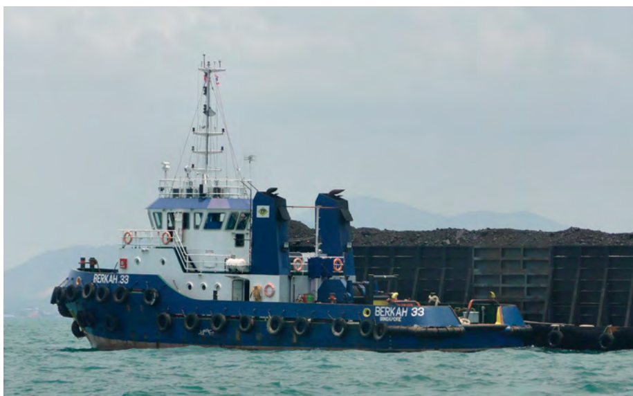
BERKAH 33 Singapore

Tugs P&O Ghaith (2025 – 1070985) and P&O Al Saba (2025 – 1070997). ASD 2312 design. Yard: Damen Shipyards, Song Cam, ynr. 513649 and 513650. 263 GT. Dim. 22,81 x 11,40 x 4,40 mtr. Engines: 2x Caterpillar, 3512-C TA HD/D. Output: 5.168 bhp. Bollardpull: 70 tonnes, speed: 13,1 kn.
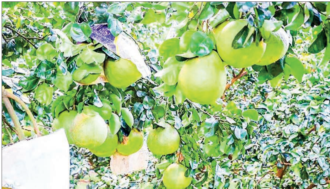
There are approximately 15,000 acres of pomelo acreage across the states and regions.

The pomelos both in organic and conventional farm-
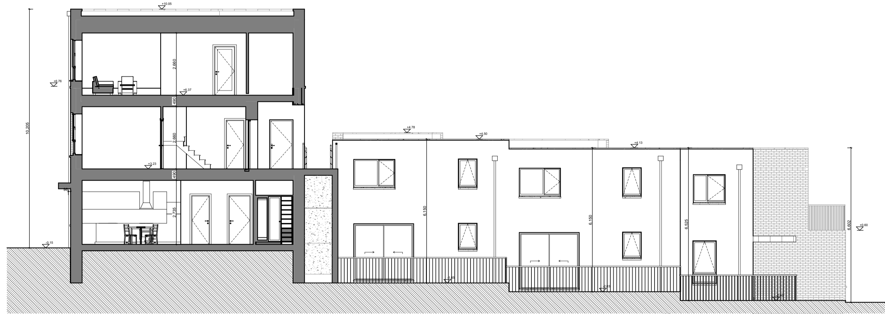
1:100 Section 01
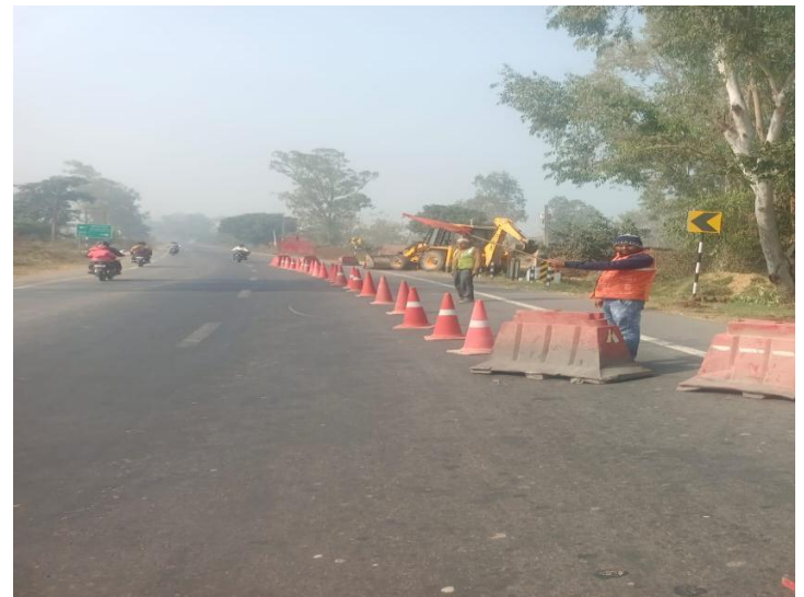
Shoulder Cleaning in progress
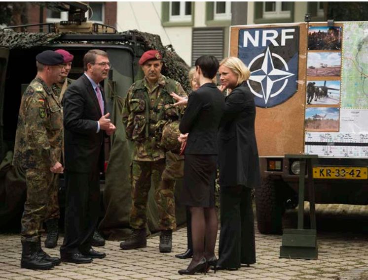
Secretary Carter and Ministers of Defense from Germany, the Netherlands and Norway speak with soldiers from the NATO rapid response force at the 1 German Netherlands Corps in Muenster, Germany.

In addition, the budget reflects how we're doing more, and in more ways, with specific NATO allies. Given increased Russian submarine activity in the North Atlantic, this includes building toward a continuous arc of highly-capable maritime patrol aircraft operating over the Greenland-Iceland-United Kingdom gap up to Norway's North Cape. It also includes the delivery of Europe's first stealthy F-35
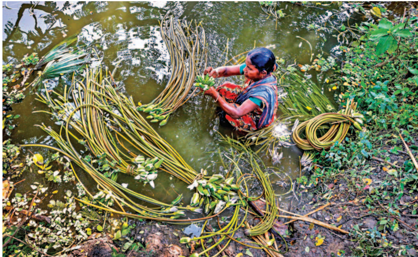
Monsoon brings fortune for Kaushalya Thikadar as the swollen waterbodies in the Dumurtala village of Jashore's Abhaynagar become the perfect hosts for the growth of waterlilies, locally known as shapla – the stems of which are winter delicacy in the country. She collects around 25-30 shapla sticks from different canals and beels every day and sells them at Tk 10 per bundle of seven to 10 sticks. The photo was taken yesterday.
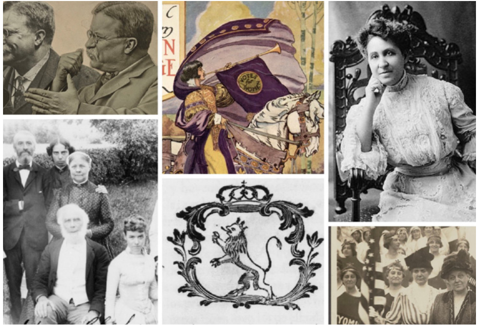
By the People launched campaigns in 2020 to transcribe original handwritten materials tied to Theodore Roosevelt (top left), Mary Church Terrell (top right), the Blackwell family (bottom left), women's suffrage (top center and bottom right) and historical Spanish legal documents (bottom center).
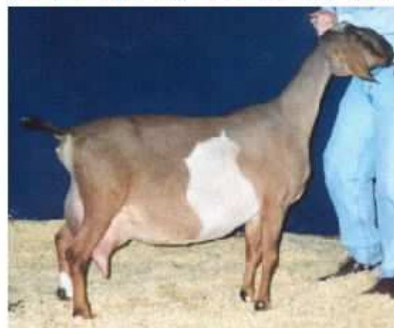
CH Little Shepherd Oda Mae Brown

This is a picture of OJ as a milking yearling where she was Grand Champion Sr. Doe at the 1999 Ohio State Fair Jr. show. I wish I had a better picture of "OJ" to share her wonderful general appearance, body capacity and dairy character, not to mention her nicely attached very capacious mammary. OJ is a combination of the two Little Shepherd does I truly admire and that is Cranberry and Oda Mae. My only regret about this doe is that she has had two substantial leg injuries, one from birth and one from giving birth, that prevent her from being in the show ring to prove herself.
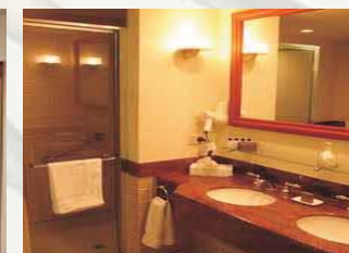
All the above pictures are of actual sample flat.
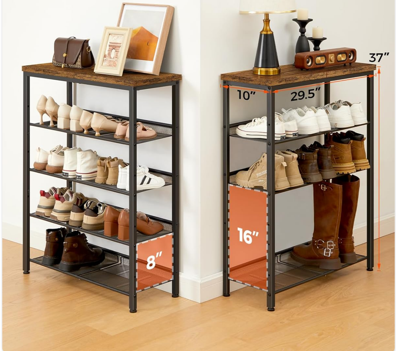
Image: Visual representation of the shoe rack's dimensions (Depth, Width, Height) and internal shelf spacing.
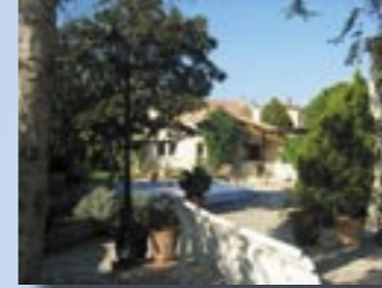
Ref: 2852 LUNEL Beautifully presented throughout, this villa has all the characters of the south. Spacious living room/ dining room with large chimney and gallery. Air-conditioning throughout. Swimming pool with a summer kitchen, an independent studio with kitchenette, shower room and separate toilet. Planted and well maintained gardens. Garage.
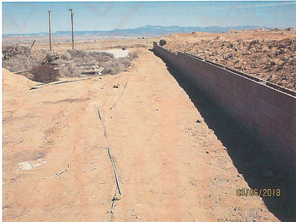
Disturbed area outside project boundaries with no sediment BMPs.
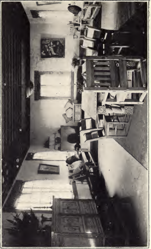
RECEPTION ROOM OF WOMAN'S MUSEUM BOARD
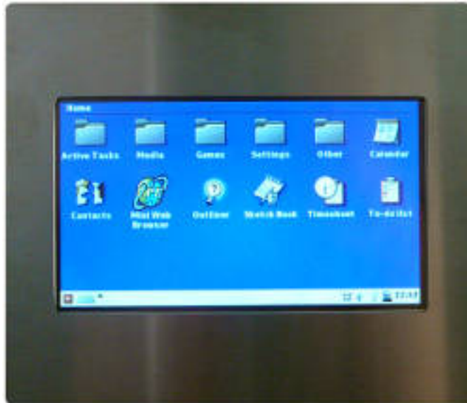
2008-02-13 - Techsol's TPC-43A Medallion Touch-Panel Computer .
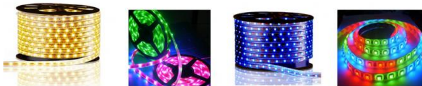
Multicolor led strip light,suitable for differernt length
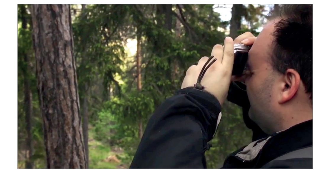
Fig. 2 - Intuiting the image in "Per altri occhi" (2013), Silvio Soldini.

lice to comfortably navigate a previously unfamiliar city, or Giovanni to find his pair of socks and Enrico to remember an old home through the smell of dampness. Pure memory comes to us in less structured, non-habitualized forms, unexpectedly, when we recall something unrelated to our present situation, perhaps in a state of sleeping or daydreaming, like the memory of the blues and greens of a panorama that unexpectedly come back to one of the protagonists and that thus allows him to see the colours he can no longer "see".
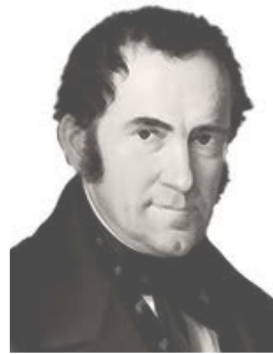
Franz Xaver Gruber

Tonight it is a simplified version specially arranged for the Junior Orchestra.
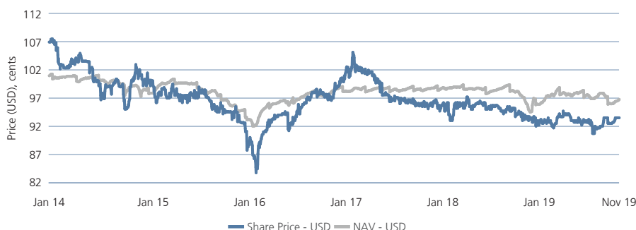
Share price and Net Asset Value (NAV) movement is representative of USD. Past performance is not a reliable indicator of future results. Source: U.S. Bank Global Fund Services (Guernsey) Limited and Bloomberg.
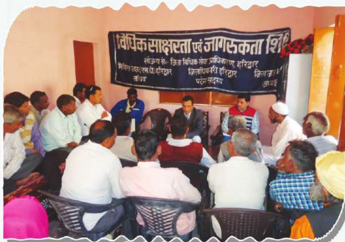
DLSA, Secretary, Haridwar interacting with needy people
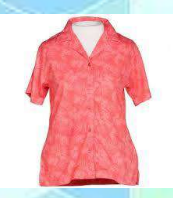
BABY GIRLS WEARS
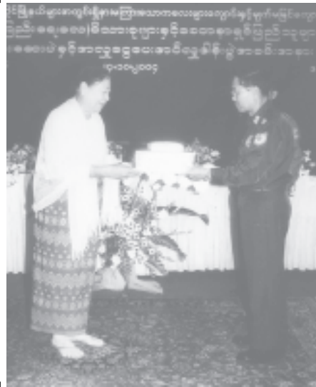
Commander Maj-Gen Myint Swe presents cash donations to an official.
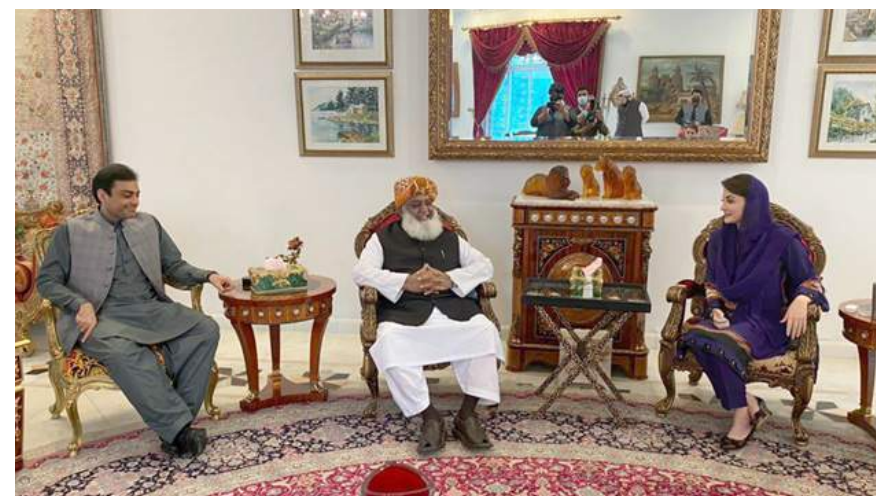
LAHORE: PDM chief Maulana Fazlur Rehman met with PML N Vice President Maryam Nawaz and PML N leader Hamza Shahbaz at Jati Umra, on Sunday. They discussed future course of action.

LAHORE: Leaders of all the opposition parties in the Pakistan Democratic Movement will accompany PML-N's Maryam Nawaz to her hearing at the National Accountability Bureau on March 26, JUI-F Chief Maulana Fazlur Rehman said. Maulana Fazlur Rehman made the announcement while talking to media persons after meeting Maryam Nawaz in Jati Umra. He said that there was no rift in the opposition alliance, contacts were maintained and they would move forward together. He said that we will wait for the decision of the PPP regarding the resignations. He hoped that PPP would respect the wishes of the remaining nine parties of the PDM. On the issue of growing differences in the PDM, the leader of the opposition alliance, Maulana Fazlur Rehman,
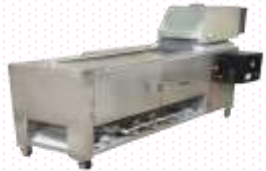
Automaking Roti Making Machine
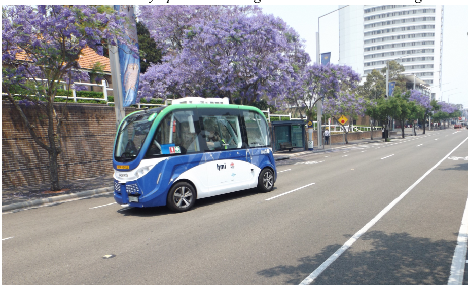
The driverless electric shuttle bus at Olympic Park

Private and confidential for Probus use only and is not to be used for any other purpose.
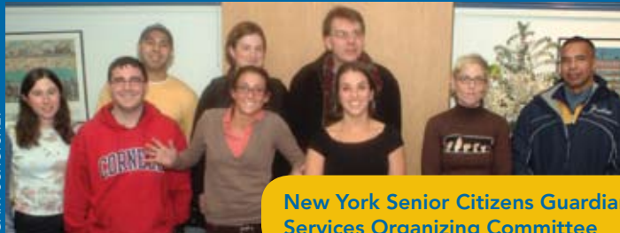
New York Senior Citizens Guardian Services Organizing Committee
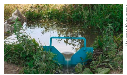
Water measuring: Increasing water productivity requires adequate monitoring and controlling. The Triangular weir is a simple, reliable tool applicable by individual farmers.
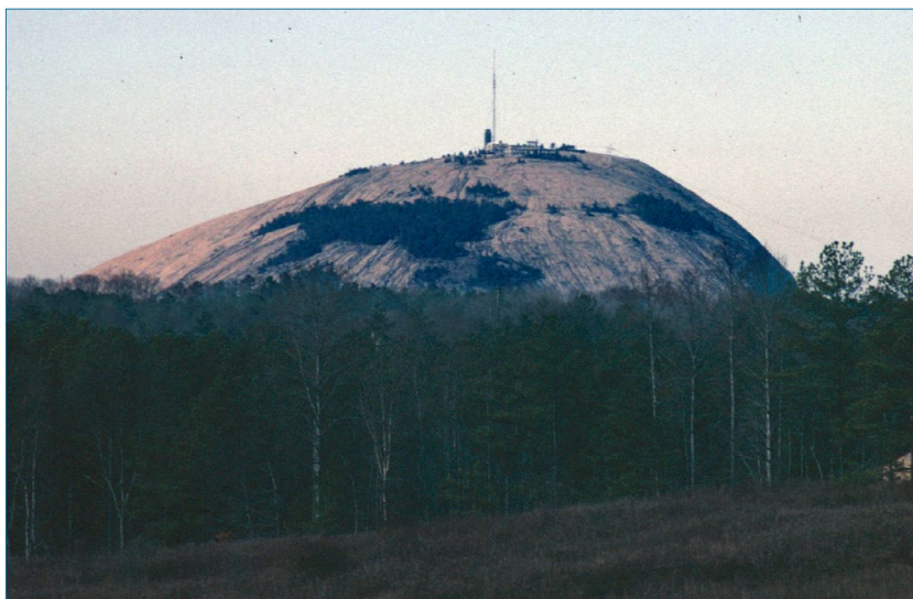
Figure 1. The Stone Mountain Granite monadnock (east of Atlanta, Georgia, USA) rises approximately 270 m above the surrounding hills. 13 It is proposed that the granitic melt rapidly formed and was intruded into overlying metamorphic overburden where it quickly crystallized. In places, the metamorphic overburden was subsequently eroded away, leaving the granite exposed. All of this occurred during the Genesis Flood. 14

The formation of granite and granite landforms has been studied by many young-earth creationists (figure 1). 3–11 Creationist research indicates that water-enriched granitic melts can form, move upward through the crust,
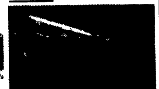
N-TECH MANURE PUMPS
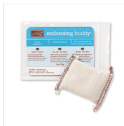
Embossing Buddy - 103083
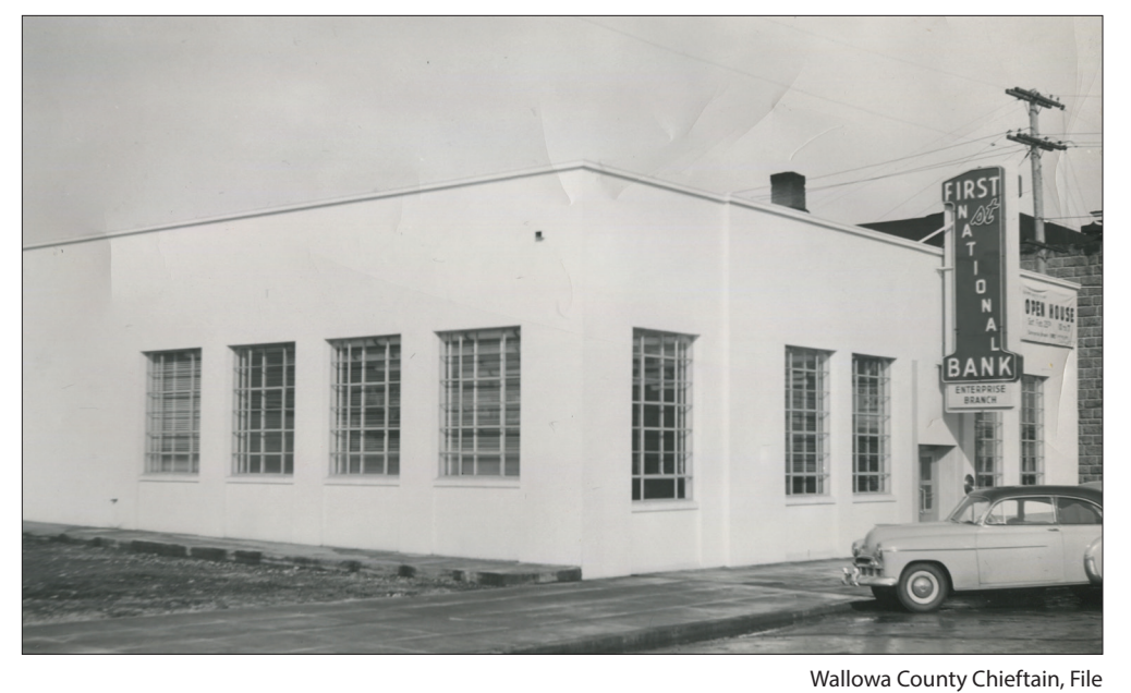
First National Bank of Enterprise, as it looked in the 1950s.

This evening the pictures of the Oregon Social Hygiene society will be shown free at the O. K. the-
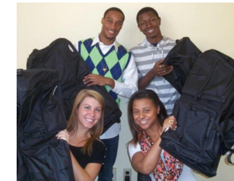
SHIP participants receive duffle bags.
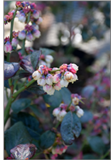
Pink Icing Blueberry flowers

This shrub is quite ornamental as well as edible, and is as much at home in a landscape or flower garden as it is in a designated edibles garden. It does best in full sun to partial shade. It does best in average to evenly moist conditions, but will not tolerate standing water. It is very fussy about its soil conditions and must have sandy, acidic soils to ensure success, and is subject to chlorosis (yellowing) of the foliage in alkaline soils. It is quite intolerant of urban pollution, therefore inner city or urban streetside plantings are best avoided, and will benefit from being planted in a relatively sheltered location. Consider applying a thick mulch around the root zone in winter to protect it in exposed locations or colder microclimates. This particular variety is an interspecific hybrid.
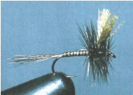
Quill Gordon: See page 4

The Island Waters Fly Fishers Box 323, Lantzville, BC V0R 2H0
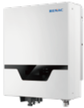
R1 Baby Series (NAC 1 - 3K)
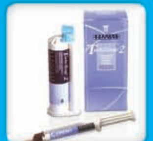
Temp Crown & Bridge
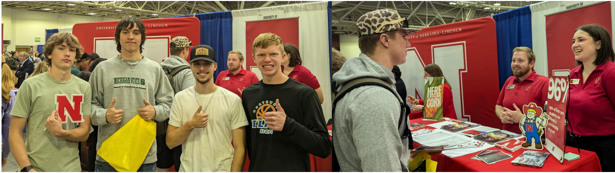
2025 Middle School Job Shadow Experience- 8th Graders
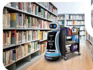
▼ Mobile Robots
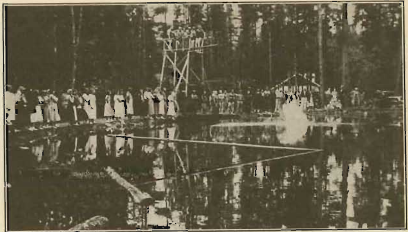
COLTON PARK SWIMMING POOL
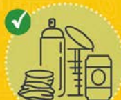
Metal cans, aerosols and crumpled foil (empty)
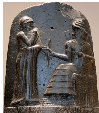
(fig.38) louver . SB 8; AS 6064
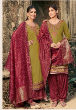
D.No :- 5757

════════

Exercise description:
Write out again, exactly, the lines from the start of the listing up to the line containing "Tugs P&O Ghaith", with both ends and without pictures.

Expected answer:
BERKAH 33 Singapore

Tugs P&O Ghaith (2025 – 1070985) and P&O Al Saba (2025 – 1070997). ASD 2312 design. Yard: Damen Shipyards, Song Cam, ynr. 513649 and 513650. 263 GT. Dim. 22,81 x 11,40 x 4,40 mtr. Engines: 2x Caterpillar, 3512-C TA HD/D. Output: 5.168 bhp. Bollardpull: 70 tonnes, speed: 13,1 kn.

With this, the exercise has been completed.